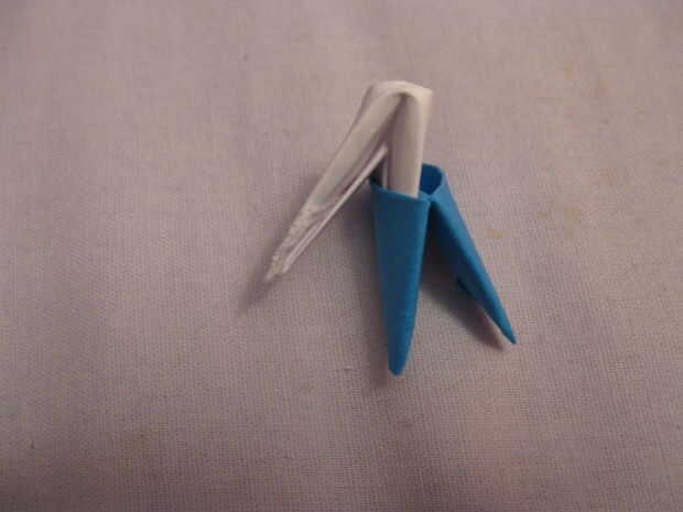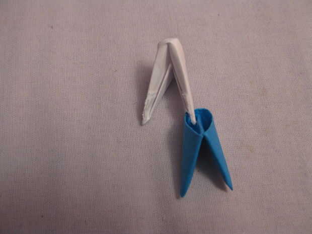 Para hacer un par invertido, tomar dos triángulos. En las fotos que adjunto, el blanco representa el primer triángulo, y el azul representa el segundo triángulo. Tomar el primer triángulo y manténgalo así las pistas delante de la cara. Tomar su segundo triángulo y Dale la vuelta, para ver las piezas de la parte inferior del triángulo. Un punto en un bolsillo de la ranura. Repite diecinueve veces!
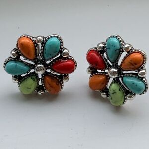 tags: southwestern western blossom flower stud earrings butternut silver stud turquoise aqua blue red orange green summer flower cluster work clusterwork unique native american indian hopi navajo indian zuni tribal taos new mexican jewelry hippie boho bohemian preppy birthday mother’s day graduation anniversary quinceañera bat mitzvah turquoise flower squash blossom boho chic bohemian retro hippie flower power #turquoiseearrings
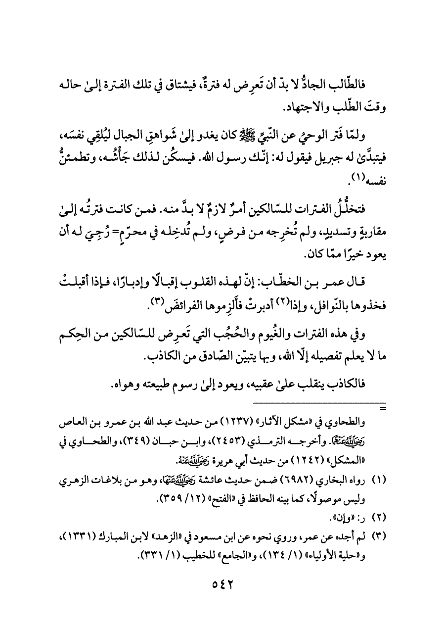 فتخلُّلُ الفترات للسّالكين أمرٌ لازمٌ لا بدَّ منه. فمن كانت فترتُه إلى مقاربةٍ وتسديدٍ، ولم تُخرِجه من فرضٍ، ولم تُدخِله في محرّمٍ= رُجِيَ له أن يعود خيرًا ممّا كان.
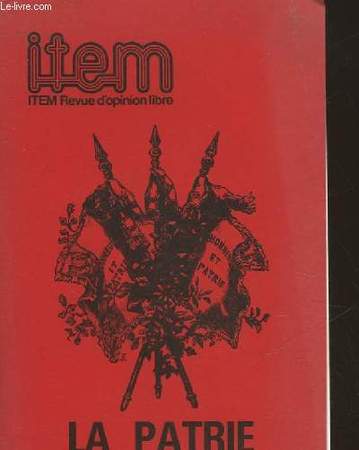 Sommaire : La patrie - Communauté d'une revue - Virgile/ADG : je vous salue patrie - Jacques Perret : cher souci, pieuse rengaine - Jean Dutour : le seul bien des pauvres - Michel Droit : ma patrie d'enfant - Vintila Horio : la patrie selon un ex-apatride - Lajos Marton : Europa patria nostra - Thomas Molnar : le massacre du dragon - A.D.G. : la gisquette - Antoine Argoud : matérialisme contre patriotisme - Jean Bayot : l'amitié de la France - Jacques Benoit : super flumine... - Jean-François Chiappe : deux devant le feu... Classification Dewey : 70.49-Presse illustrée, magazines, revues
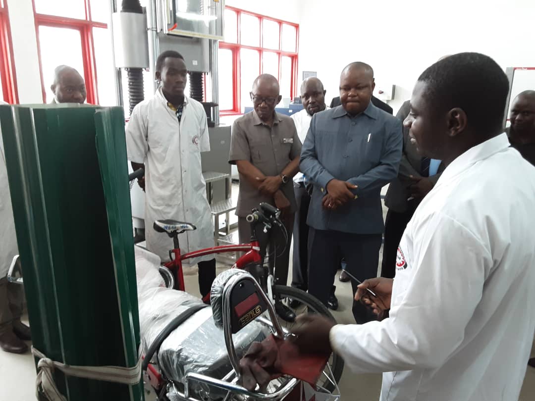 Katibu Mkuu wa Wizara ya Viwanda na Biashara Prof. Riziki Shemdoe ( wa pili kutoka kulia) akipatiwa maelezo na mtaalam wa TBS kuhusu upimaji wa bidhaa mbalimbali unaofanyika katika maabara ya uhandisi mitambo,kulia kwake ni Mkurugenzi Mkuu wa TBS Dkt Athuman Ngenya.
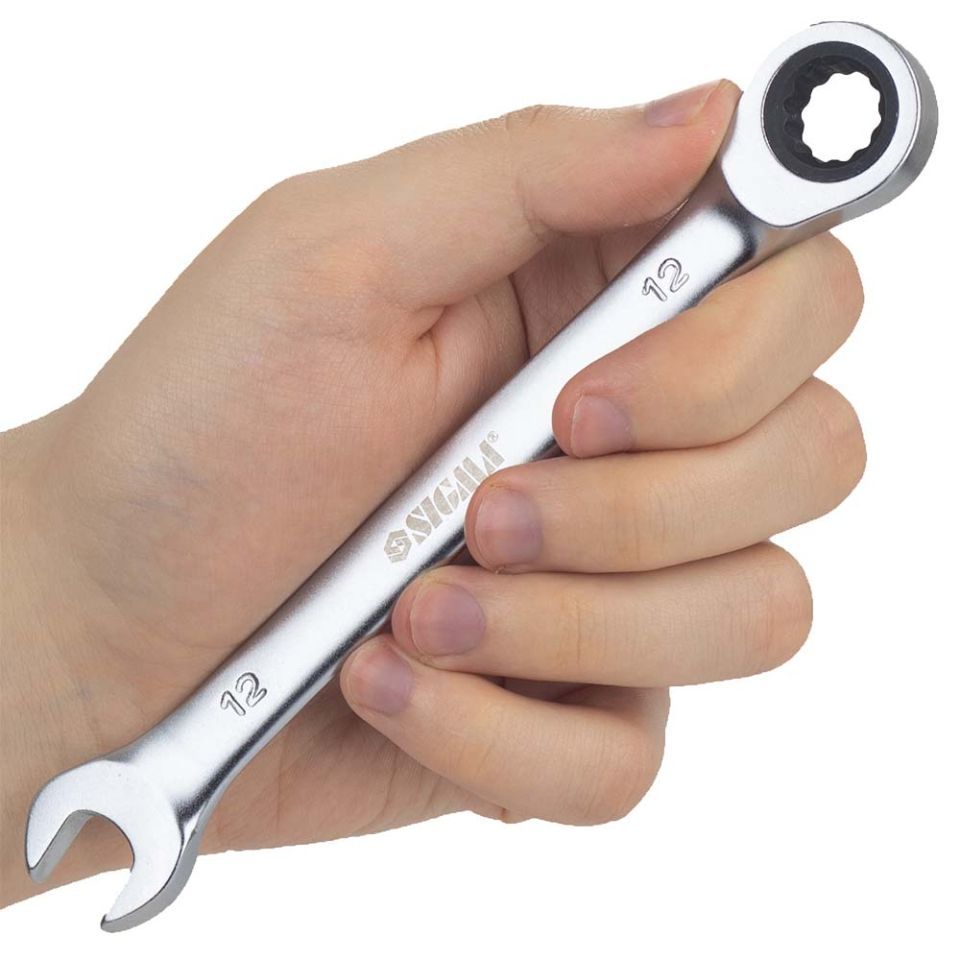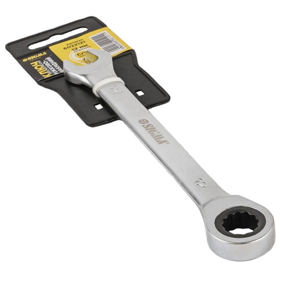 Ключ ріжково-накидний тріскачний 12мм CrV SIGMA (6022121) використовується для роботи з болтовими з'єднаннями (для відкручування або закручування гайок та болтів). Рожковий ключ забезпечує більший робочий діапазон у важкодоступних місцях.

......

◆ Action item
Retype each record exactly as it appears above and drop the images.

◆ Response area
 Para hacer un par invertido, tomar dos triángulos. En las fotos que adjunto, el blanco representa el primer triángulo, y el azul representa el segundo triángulo. Tomar el primer triángulo y manténgalo así las pistas delante de la cara. Tomar su segundo triángulo y Dale la vuelta, para ver las piezas de la parte inferior del triángulo. Un punto en un bolsillo de la ranura. Repite diecinueve veces!
 tags: southwestern western blossom flower stud earrings butternut silver stud turquoise aqua blue red orange green summer flower cluster work clusterwork unique native american indian hopi navajo indian zuni tribal taos new mexican jewelry hippie boho bohemian preppy birthday mother’s day graduation anniversary quinceañera bat mitzvah turquoise flower squash blossom boho chic bohemian retro hippie flower power #turquoiseearrings
 فتخلُّلُ الفترات للسّالكين أمرٌ لازمٌ لا بدَّ منه. فمن كانت فترتُه إلى مقاربةٍ وتسديدٍ، ولم تُخرِجه من فرضٍ، ولم تُدخِله في محرّمٍ= رُجِيَ له أن يعود خيرًا ممّا كان.
 Sommaire : La patrie - Communauté d'une revue - Virgile/ADG : je vous salue patrie - Jacques Perret : cher souci, pieuse rengaine - Jean Dutour : le seul bien des pauvres - Michel Droit : ma patrie d'enfant - Vintila Horio : la patrie selon un ex-apatride - Lajos Marton : Europa patria nostra - Thomas Molnar : le massacre du dragon - A.D.G. : la gisquette - Antoine Argoud : matérialisme contre patriotisme - Jean Bayot : l'amitié de la France - Jacques Benoit : super flumine... - Jean-François Chiappe : deux devant le feu... Classification Dewey : 70.49-Presse illustrée, magazines, revues
 Katibu Mkuu wa Wizara ya Viwanda na Biashara Prof. Riziki Shemdoe ( wa pili kutoka kulia) akipatiwa maelezo na mtaalam wa TBS kuhusu upimaji wa bidhaa mbalimbali unaofanyika katika maabara ya uhandisi mitambo,kulia kwake ni Mkurugenzi Mkuu wa TBS Dkt Athuman Ngenya.
 Ключ ріжково-накидний тріскачний 12мм CrV SIGMA (6022121) використовується для роботи з болтовими з'єднаннями (для відкручування або закручування гайок та болтів). Рожковий ключ забезпечує більший робочий діапазон у важкодоступних місцях.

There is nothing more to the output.